## Goal of the exercise
Read the listing and extract each line that includes the word "يوسف".

## Input records
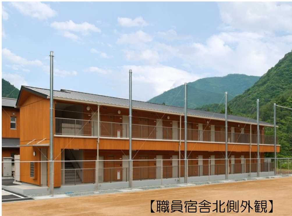
【職員宿舎北側外観】
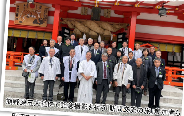
熊野速玉大社にて記念撮影を行う「訪問交流の旅」参加者ら
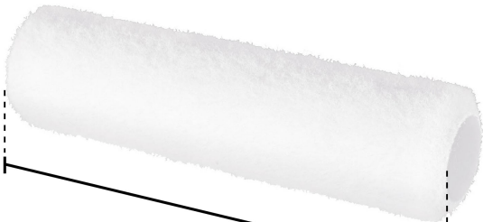
Largo 9" (23 cm)
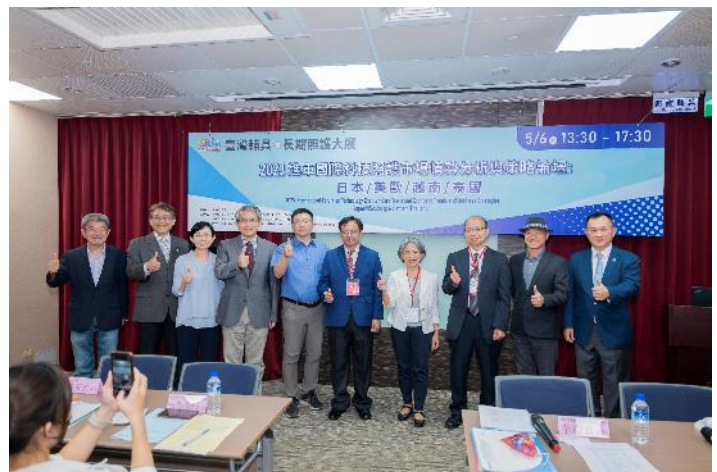
「政策及產業論壇」活動實況
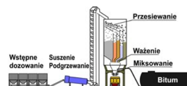
Rys. 2. Wytwarzanie mas bitumicznych
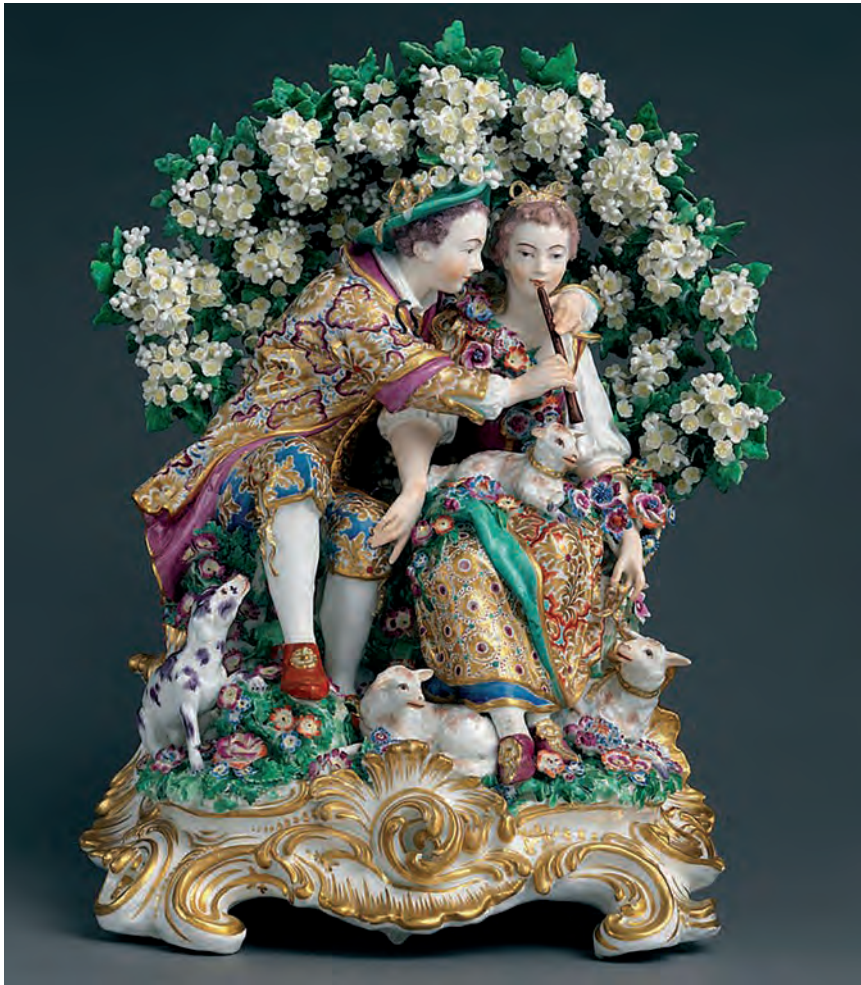
Figura 5 – Joseph Willems, A Lição de Música , modelado a partir de duas gravuras de François Boucher, Fábrica de Porcelana de Chelsea, 1765, 39 x 31 x 22 cm

in www.metmuseum.org (consultado em outubro de 2023).
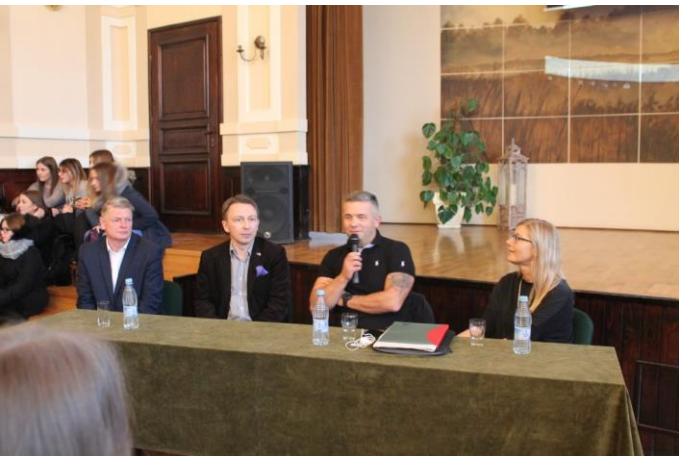
Spotkanie z pływakiem ekstremalnym

Szkoła realizuje edukację zdrowotną i program profilaktyki dla uczniów, nauczycieli i innych pracowników szkoły oraz dąży do poprawy skuteczności działań w tym zakresie.
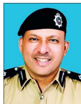
اللواء يوسف الخدة

أعلنت الإدارة العامة للمرور التي يرأسها اللواء يوسف الخدة أن إجمالي الحوادث المرورية التي تعاملت معها في الفترة من 30 ديسمبر الماضي حتى 5 يناير الجاري بلغ 324 حادثاً مرورياً جسيماً، و916 حادثاً مرورياً بسيطاً. وكشفت الإحصائية
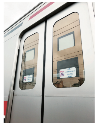
飛散防止フィルム

車両ドアは、ドアガラス破損防止のため4mm・5mm厚の強化ガラスおよび複層ガラスを使用しています。また、4mm厚強化ガラスに対しては割れたガラスが飛散しないように透明の飛散防止フィルムを貼り付けて安全性向上を図っています。飛散防止フィルムには夏場の遮熱、冬場の断熱にも高い効果があり、空調消費電力量を削減し省エネ効果もあげています。
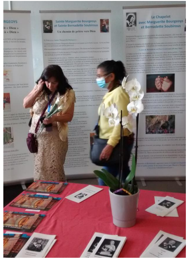
des pèlerines venant d'Amérique Centrale
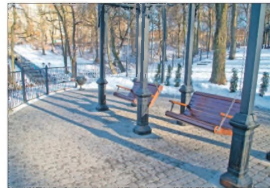
Уютные уголки парка. Подвесные качели – визитная карточка этого места.
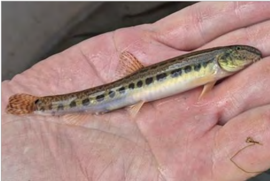
Abb. 1 Adulter Steinbeißer

geringer Strömung < 0,15 m/s anzutreffen (HMUKLV & HESSEN-FORST FENA 2014). Die Art Cobitis taenia erreicht im Freiland ein Alter von bis zu 5 Jahren. Im ersten Jahr erlangen die Tiere eine Totallänge von 40 bis 50 mm, im zweiten 60 bis 68 mm.
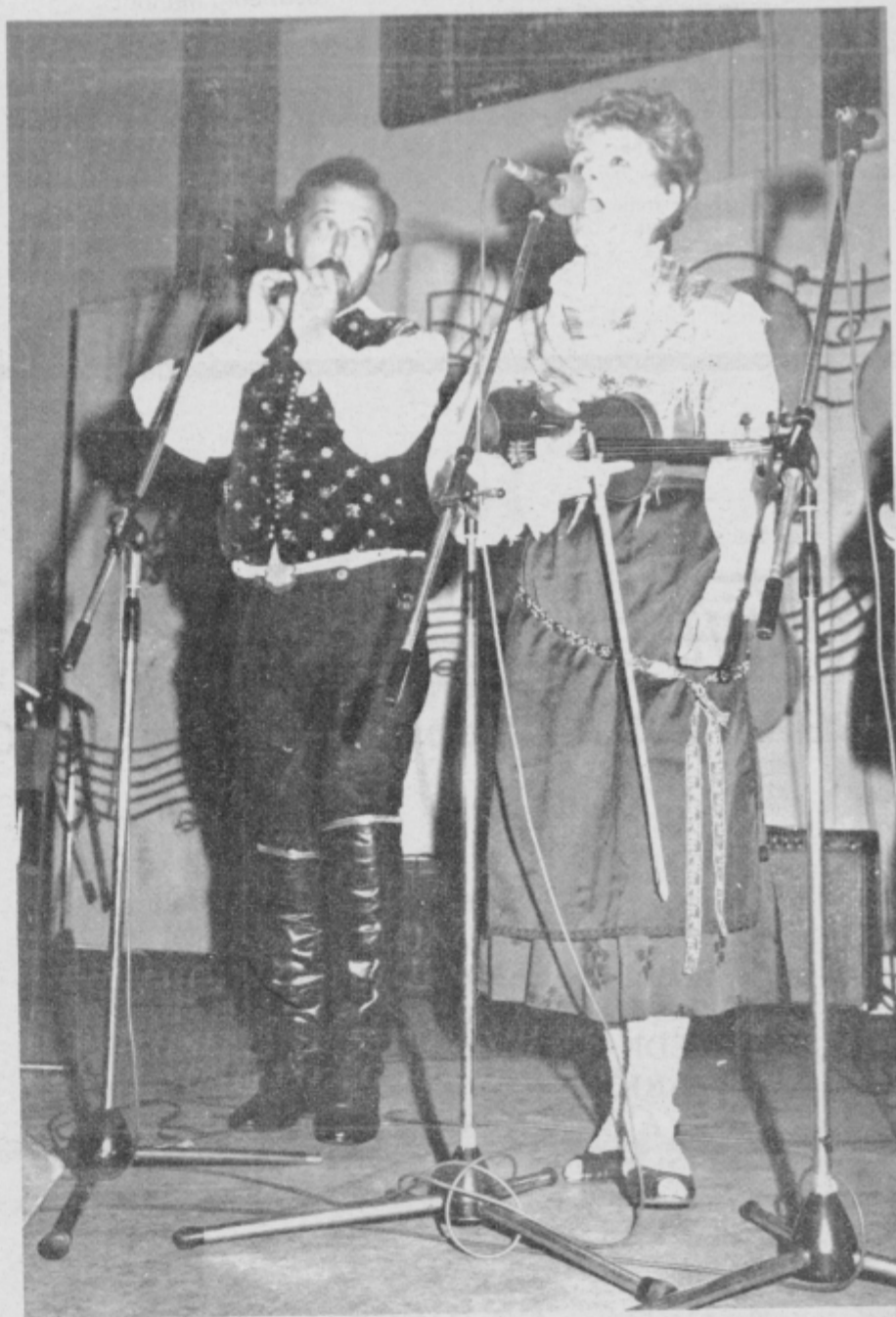
»Glasba iz Slovenije ...«

v petek, 7., in soboto, 8. septembra, ob 20. uri — v nedeljo, 9. septembra, ob 17. uri v dvorani Srednješolskega centra
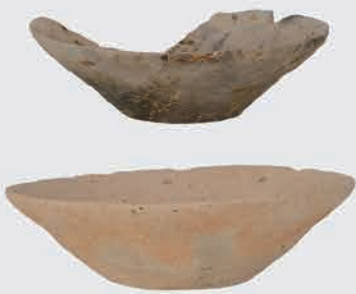
伊勢崎城跡 かわらけ

## Answer to the exercise
اللواء يوسف الخدة
أعلنت الإدارة العامة للمرور التي يرأسها اللواء يوسف الخدة أن إجمالي الحوادث المرورية التي تعاملت معها في الفترة من 30 ديسمبر الماضي حتى 5 يناير الجاري بلغ 324 حادثاً مرورياً جسيماً، و916 حادثاً مرورياً بسيطاً. وكشفت الإحصائية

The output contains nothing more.